Palestinian Human Rights Organisations Council accuses Israeli government of creating a ‘health apartheid’

ISRAEL was accused of racism and health apartheid today over the exclusion of millions of Palestinians from its much-lauded coronavirus vaccine roll-out.

The Palestinian Human Rights Organisations Council (PHROC) and the Palestinian NGOs Network (PNGO) issued a joint statement condemning the deliberate omission of Palestinians in the occupied territories from the programme, which started on December 19.

“[Israel’s] occupying authorities have implemented its vaccine policy in a discriminatory, unlawful and racist manner by completely disregarding its obligations to Palestinian healthcare,” the statement said.

“Throughout the occupied Palestinian territory, apart from East Jerusalem, Israeli occupying authorities have reserved access to the vaccine to the unlawfully transferred-in settler population of Jewish Israelis in illegal settlements and denied the vaccine to the Palestinian population,” it continued.

Israel has been praised for its efforts in the Western media, most of which has overlooked the exclusion of some five million Palestinians in the occupied territories, where 165,000 active cases of coronavirus were registered by January 9.

The Palestinian authorities have been desperately seeking to secure vials of the vaccine at affordable prices, with the Foreign Ministry insisting that Israel “has clear legal obligations to the welfare of the Palestinian population under its illegal occupation.”

The PHROC and PNGO joint statement stressed that international law — in particular the Geneva conventions — obliges Tel Aviv as an occupying power to respect the right to health of the protected population.

This obligation includes the provision of medical supplies to the Palestinians in the occupied West Bank and East Jerusalem and the besieged Gaza Strip.

Israel claims that it has relinquished its responsibilities for healthcare in the occupied territories, asserting that they were devolved to the Palestinian Authority under the terms of the Oslo Accords.

But the PHROC and PNOG statement denied this, citing article eight of the fourth Geneva convention, which states that “protected persons may in no circumstances renounce in part or in entirety the rights secured to them by the present convention.” 

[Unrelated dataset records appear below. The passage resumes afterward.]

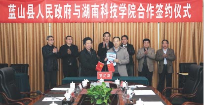 本报讯(通讯员 周平尚 何帅文) 近日,星空app官网院长曾宝成与蓝山县人民政府签订全面合作协议。协议的正式签订开启了地方高校与地方政府就“政策制定、资金筹措、人才培养、文化发展”等方面紧密合作办学的校政合作新模式。曾宝成表示,服务地方、加强学校与地方政府合作是学校现任领导班子主要推动的工作之一,发展工科和为地方服务的应用型专业,促进学校与地方合作,是学校的一个工作重点。他希望学校与蓝山县的合作能成为县校合作的典范。
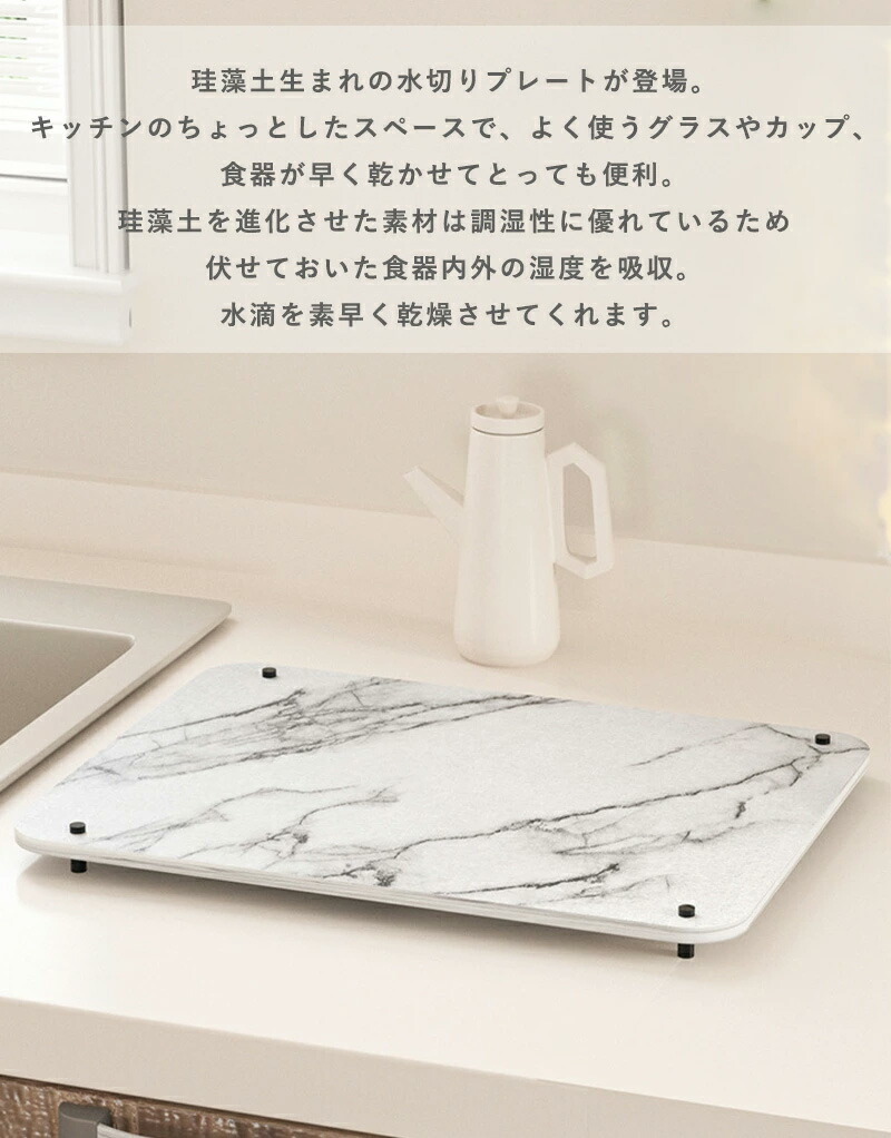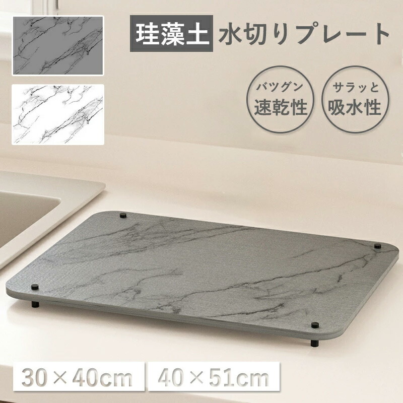 珪藻土 水切りプレート スタンド付き キッチン用品 食器 調理器具 続々入荷中 大理石ホワイト 大理石グレー S-30x40cm L-40x51cm
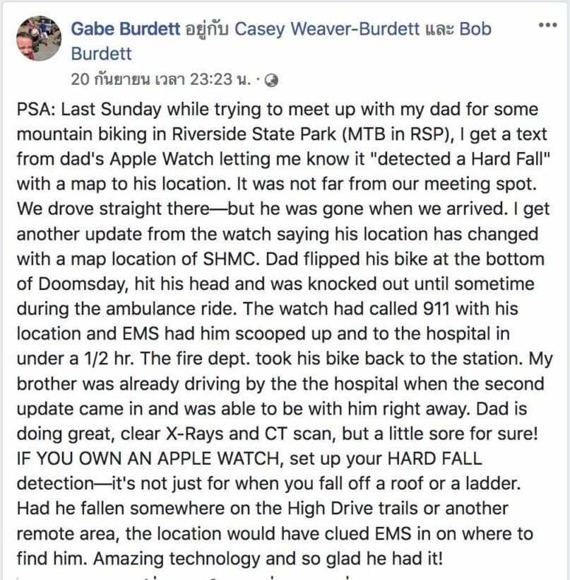 เขากับพ่อของเขานัดกันออกไปปั่นจักรยานบนภูเขาที่ Riverside State Park เมื่อวันอาทิตย์ที่แล้ว แต่อยู่ๆเขาก็ได้รับข้อความจาก Apple Watch ของพ่อของเขาว่ามีการตรวจพบการล้มอย่างรุนแรง พร้อมส่งแผนที่ตำแหน่งที่เกิดเหตุมาให้ ซึ่งไม่ไกลจากจุดนัดพบ เขาจึงรีบขับรถไปหาพ่อ เมื่อถึงที่เปิดเหตุกลับพบว่าพ่อของเขาหายไป จากนั้นเขาก็ได้รับการแจ้งเตือนจาก Apple Watch ของพ่อของเราอีกครั้งว่า ตำแหน่งของพ่อเขาอยู่ที่โรงพยาบาล
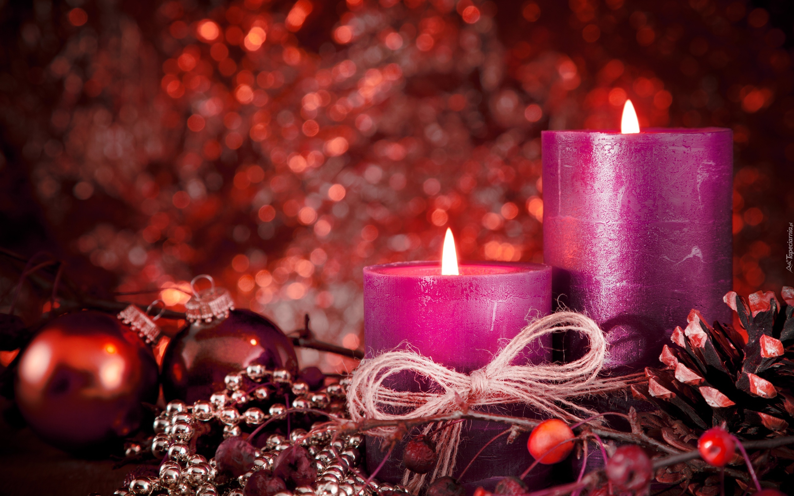 Edytor tapety: Bombki, Fioletowe, Świece, Dekoracja, Świąteczna
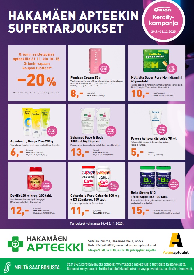 Marraskuussa apteekkimme on täynnä supertarjouksia! Nyt ei kannata jättää tilaisuutta hyödyntämättä.
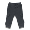 Modne spodnie dla chłopca wykonane z bawełny dresowej w kolorze grafitowym z niewielką ilością elastanu.
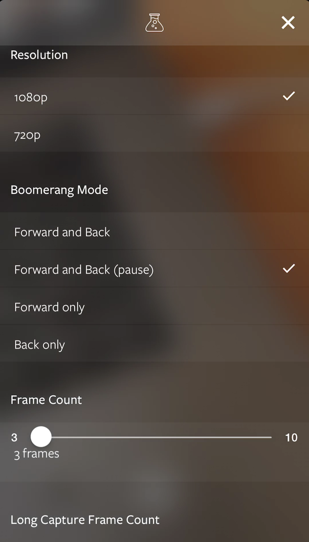 Just like some of your favorite fast food places, Boomerang has a secret menu just waiting to be discovered. To access this, you’ll need to master a special four finger tap. Once you get it, you’ll have access more features to help beautify your loops.To gain access, open the Boomerang app and tap four times with four fingers.Once you get there, you’re going to need to change these settings:- Resolution: 1080p
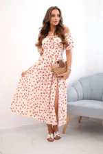 Dekolt w stylu hiszpańskim z subtelnym wiązaniem podkreśla kobiecość i dodaje uroku, a krótkie bufiaste rękawy nadają całości delikatności. Dopasowana talia świetnie akcentuje figurę, a rozkloszowany dół dodaje lekkości i swobody ruchów. To idealna propozycja dla kobiet ceniących styl i komfort.
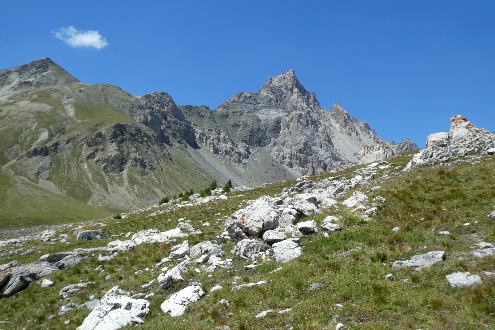 Ambiance minérale puis verdoyante autour des sommets de La Meyna et de la Tête de Viraysse.
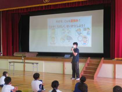 明日から夏休みです。本日の4時間目に全校で集まって「夏休み前集会」を行いました。校長の話は「夏休み、好きなことをとことんがんばろう」でした。生徒指導からの話は規則正しい生活、安心安全に注意しようというものでした。出校日、全員の笑顔を先生たちみんなで待っています。
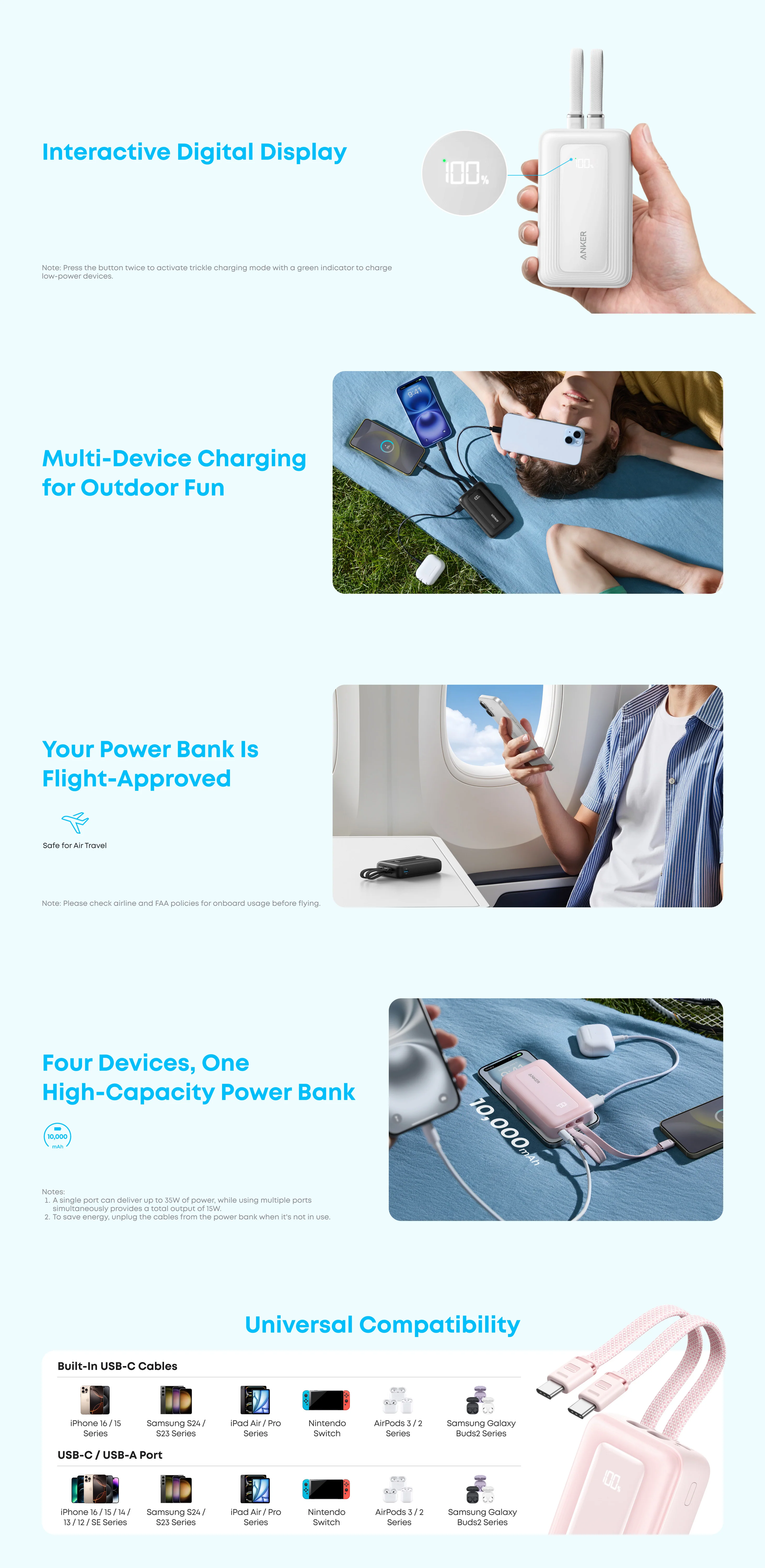 This power bank comes with dual built-in USB-C cables, eliminating the need to carry extra wires. The cables are durability-tested for over 10,000 bends, ensuring long-lasting performance.

Palestine’s healthcare system has suffered from decades of deliberate neglect, hampering its ability to deal with the Covid-19 pandemic.

A United Nations report published today shows that 2020 was the second-worst year on record for the demolition of Palestinian homes, with some 776 structures destroyed.

The PHRIC and PNOG report warned that this, along with the long-standing Israeli practices of imposing closures on Palestinian cities, villages and towns, and continuous restrictions on movement and access, had undermined Palestinian access to healthcare.

Israel’s vaccination programme is entrenching “health apartheid” and is a breach of international law, the statement said, calling on the ”international community to hold Israel to account for denial of healthcare amounting to the wilful causing of great suffering and injury to the health of the Palestinian population.”